Citadel — Automated Abuse Detection for Email

Overview

Citadel is a Chrome extension for Gmail that detects abusive emails and helps users take action while preserving privacy. The design is grounded in prior literature and a mixed-methods study (interviews + survey) examining user preferences for moderation approaches and privacy concerns regarding human vs. automated systems.

Platform: Chrome extension for Gmail, permission-based install; no storage of personal emails on our servers.

Control: Threshold-per-sender, block lists, and “accurate / inaccurate” feedback loops.

Support: Notification window + “Contact Trusted People” for quick outreach after detection.

Key Findings from Prior & Recent Studies

Preferences for moderation approaches and privacy concerns informed Citadel’s design.

Interview Study Preferences

40% preferred automated moderation, 53% preferred a combined automated + human approach, and 7% preferred human-only moderation. A chi-square test indicated significant differences in privacy concern between human-only and automated conditions.

Survey Preferences

51% preferred combined moderation, 41% automated, and 8% human-only—mirroring interview trends with strong privacy concerns tied to human moderation.

Platform Usage

Gmail was the primary email platform for participants (≈93% in interviews; ≈89% in survey), motivating a Chrome extension delivery.

Feature Identification

Show in Notification Window

Abusive emails surface in an accessible notification pane with severity indicators, keeping the inbox uncluttered.

Contact Trusted People

One-click outreach to pre-selected contacts (friends/relatives) when support is needed after detection.

Threshold per Sender

Users tune tolerance levels per sender; feedback (“Accurate?” / “Inaccurate?”) adaptively adjusts thresholds over time.

Block Contact

Instantly block a sender; future emails are moved to trash and kept out of the inbox. Manage block lists in the settings view.

Design Iterations

Citadel went through two iterations. The first design validated demand for notifications and trusted contacts. The second introduced sender-specific thresholds and blocking, based on insights that some users tolerate language from friends but not strangers.

System flow and notification window, first design — First design: flow & UI.

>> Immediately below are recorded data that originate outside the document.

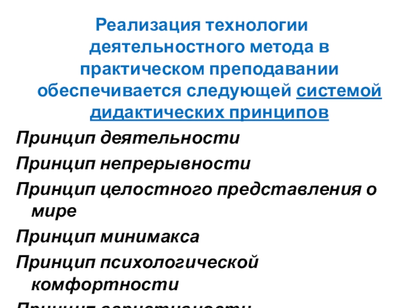 Слайд 38Реализация технологии деятельностного метода в практическом преподавании обеспечивается следующей системой дидактических
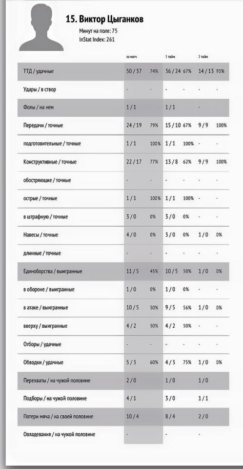 Обозреватель газеты "Команда" Евгений Гресь в своем фейсбуке привел статистические данные игры Виктора Цыганкова в матче "Динамо" - "Наполи".
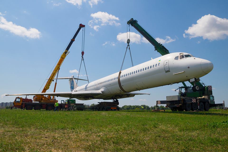 Аварийный самолет MD-83 авиакомпании Bravo, который 14 июня выкатился за взлетно-посадочную полосу, сегодня загрузили на трейлер и транспортировали на специальную площадку.
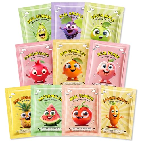 Kaely 10 Pack Fruit Face Masks for Kids, Kids Face…
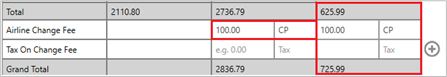 Le cas échéant. Dans la ligne Frais de modification de la compagnie aérienne , ajoutez des frais de modification pour le nouveau tarif enregistré. Dans cet exemple, des frais de changement de compagnie aérienne sont ajoutés en tant que taxe avec add collect.
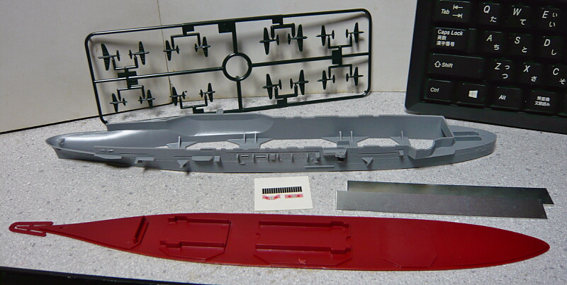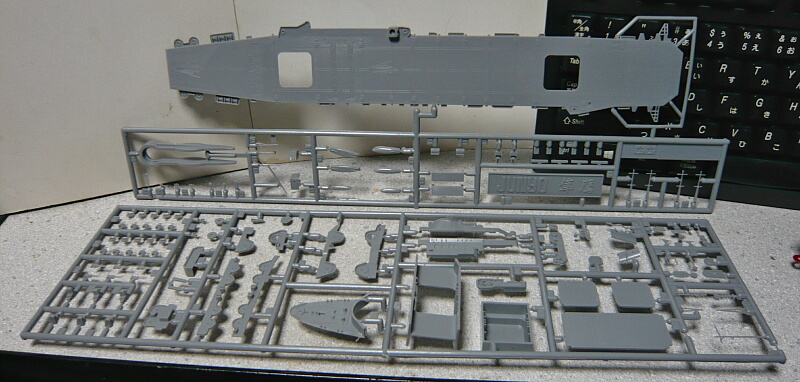 1973年のキットです。今更驚きませんが、艦底パーツの下面に毛筆体で「隼鷹」とモールドされているジジ臭さに年式の古さを感じます・・・
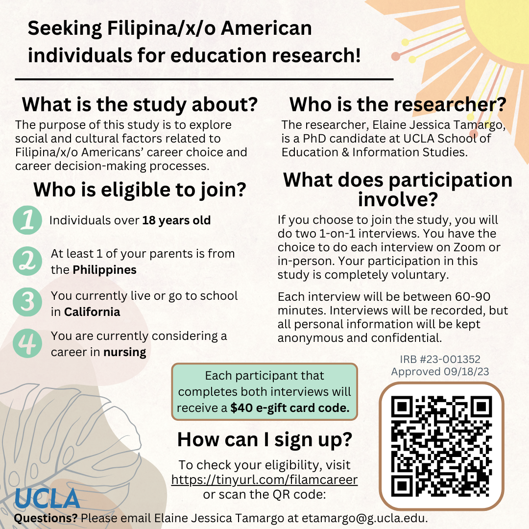 If you are interested in participating, please review the attached recruitment flyer with more information and fill out the intake questionnaire at tinyurl.com/filamcareer. If you would like more information, or have questions, please Elaine at etamargo@g.ucla.edu.
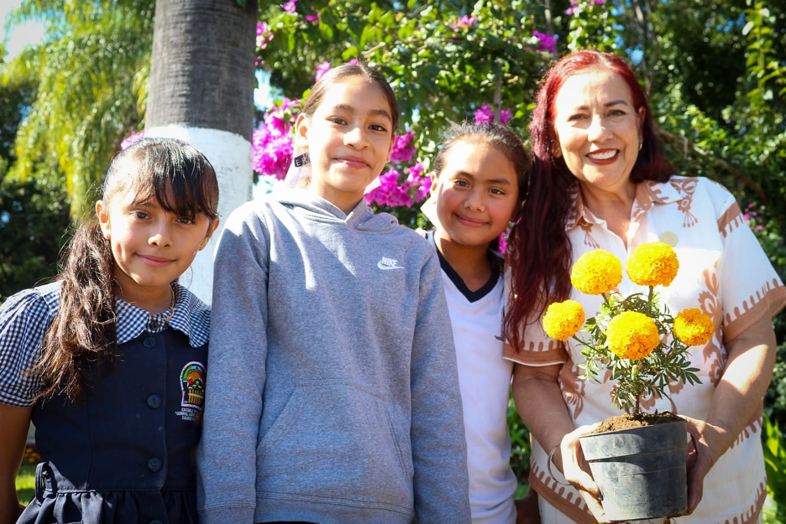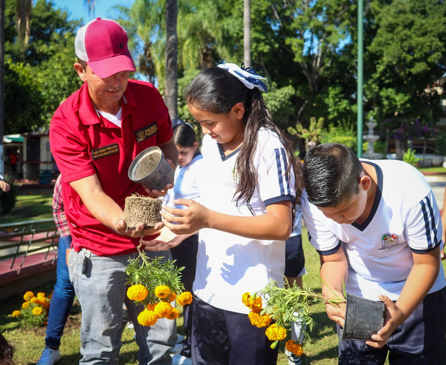 Durante esta jornada, los equipos de Servicios Públicos y Desarrollo Rural del Gobierno de Xalisco apoyaron a las niñas y los niños en la plantación de esta flor tradicional, que llenará de color y significado nuestra Plaza Juárez.
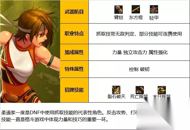 在DNF的神界版本中,柔道家(女)是女格斗家的最后一个职业,也是一个打击感超强的操作型职业。这个职业爆发速度快,伤害高,打击感强烈,操作反馈比较爽,除了大天域流,其他流派的契合度都相当高等特点,但控制在现版本几乎无用。因此,今天233乐园小编就给大家带来了,最新DNF柔道家(女)职业技能加点分享,供大家进行参考。 DNF柔道家(女)职业技能加点分享 职业简介
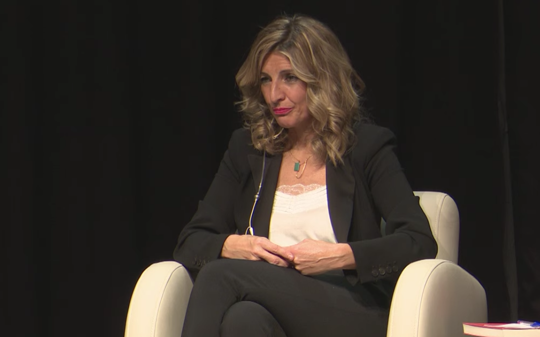 Frente al discurso de Yolanda Díaz, un espectador se levantó de su asiento y espetó lo siguiente a la ministra, que frunció el ceño con gesto visiblemente molesto:
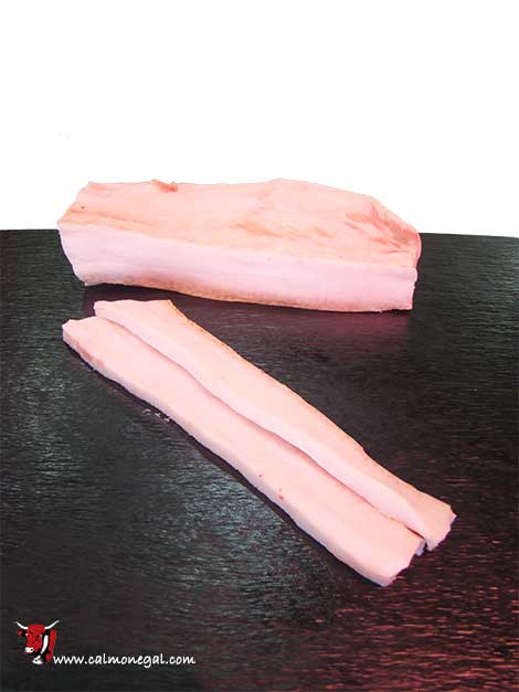 La cansalada grassa és la que consta de cotna i greix, ideal per fer fregida a la paella i posar d’acompanyament a verdures, llegums, etc.

System flow and notification window, second design — Second design: sender thresholds & UI.

Implementation

Backend

Engine

Deep neural network (CNN + LSTM + dense layers) detects abusive content. A secure database stores user profile & trusted contact metadata—never personal emails.

Data

Training

Due to privacy constraints around email storage, training used the Kaggle Jigsaw toxic comment dataset (159,571 items; labels: toxic, severe toxic, obscene, threat, insult, identity hate).

Model

Architecture

Inception-inspired convolutional branch + LSTM for long-range dependencies; character- and word-level inputs to handle context and misspellings. Test accuracy: ~98.4% on a 9,571-item split.

Frontend

Chrome Extension

Works within Gmail (with user permission). Shows notifications with severity, “Ask for help!”, “Block Contact”, and sender-threshold feedback controls.

Privacy & User Control

No email storage: Personal emails are not saved on our servers; models run on extracted text features only for classification.
Adaptive thresholds: “Accurate / Inaccurate” feedback tunes per-sender sensitivity without dropping below a safe-minimum.
Block management: Users can add/remove blocked contacts; messages from blocked senders are trashed automatically.
Trusted contacts: Quick “Ask for help!” outreach after detection.